Pliny, Letters to Friends 18, to Junius Mauricius
“What could you ask me to do which would be more pleasant than to find a teacher for your nephews? Because of this favor, I am going back to school and it’s like I am returning to the sweetest time of my life. I sit among the young as I used to and I am even learning how much authority I have among them from my own writings.

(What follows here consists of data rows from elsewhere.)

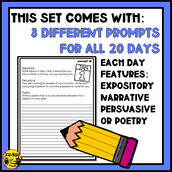 - three prompts for each of the twenty days (that's 60 prompts) that alternate between narrative, persuasive, expository and poetry genres. None of the prompts feature specific holidays.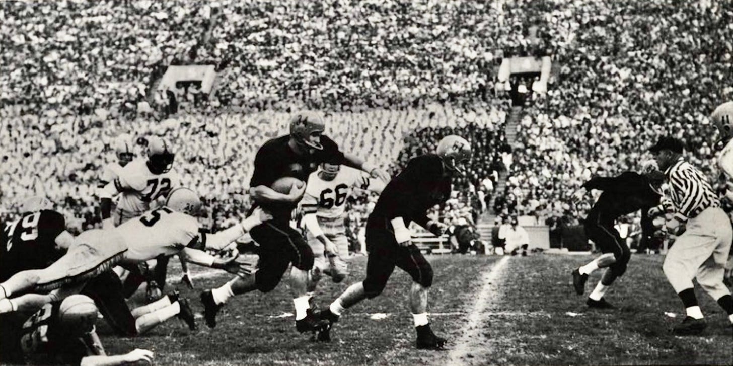 Following on yesterday’s theme concerning helmet logos, I wanted to look at the time between the 1948 Los Angeles Rams busting out their horns and college teams adding helmet logos. To really determine the adoption curve, I’d have to find images for hundreds of college teams over a few decades, but even I wouldn’t do that, so I took a far narrower path, looking only at the Rose Bowl teams starting in 1949.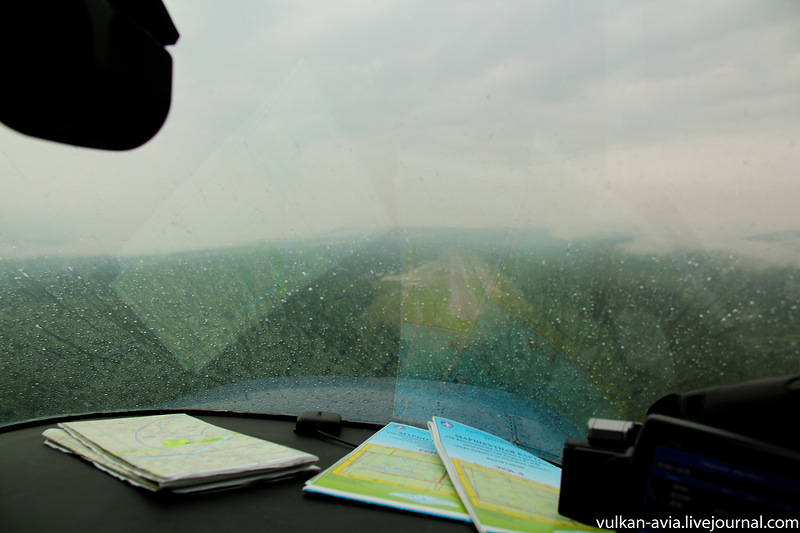 День 14 июля 2012 года мы практически целиком провели в небе. Чистое полётное время около 8 часов. Пройдено свыше 1000 километров. Денек выдался непростой - сначала летели в дожде, потом и вовсе начался слёпой полёт по приборам. Далее к СМУ (сложные метеусловия) прибавился выход из строя системы перекачки топлива, что поставило нас перед сложным выбором: лететь дальше по маршруту или уходить на запасной аэродром. Был выбран второй вариант, но он включал необходимость непростого общения с диспетчером ― если бы тот прознал, что у нас нарекания к матчасти, то мы получили бы кучу административных проблем. Полностью наш маршрут в этот день выглядит так: вылет из Олекминска, посадка в Ленске, затем незапланированная посадка в Киренске и финальный перегон до Железногорск-Илимского.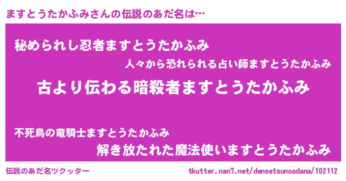 | 胡散臭い通販商品みたいなあだ名 | 『来世でも幸せになれる健康食品…その名も「ますとうたかふみ」』 |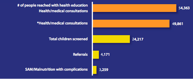• Dépistage de la circonférence du Milieu du bras (MUAC) et identification des enfants souffrant de malnutrition.

Just recently they were joking among themselves in a full classroom when several senators were present. But when I came in, they were silent. I am telling you this only because it confers more praise on them than on me and I want you never to fear that your brother’s sons won’t learn properly. All that’s left is for me to write you what I think of each of the teachers once I have heard them lecture and to make it same like you have heard them all yourself, as much as I can do that with a letter!”
Plinius Maurico Suo S.
Quid a te mihi iucundius potuit iniungi, quam ut praeceptorem fratris tui liberis quaererem? Nam beneficio tuo in scholam redeo, et illam dulcissimam aetatem quasi resumo: sedeo inter iuvenes ut solebam, atque etiam experior quantum apud illos auctoritatis ex studiis habeam. Nam proxime frequenti auditorio inter se coram multis ordinis nostri clare iocabantur; intravi, conticuerunt; quod non referrem, nisi ad illorum magis laudem quam ad meam pertineret, ac nisi sperare te vellem posse fratris tui filios probe discere. Quod superest, cum omnes qui profitentur audiero, quid de quoque sentiam scribam, efficiamque quantum tamen epistula consequi potero, ut ipse omnes audisse videaris.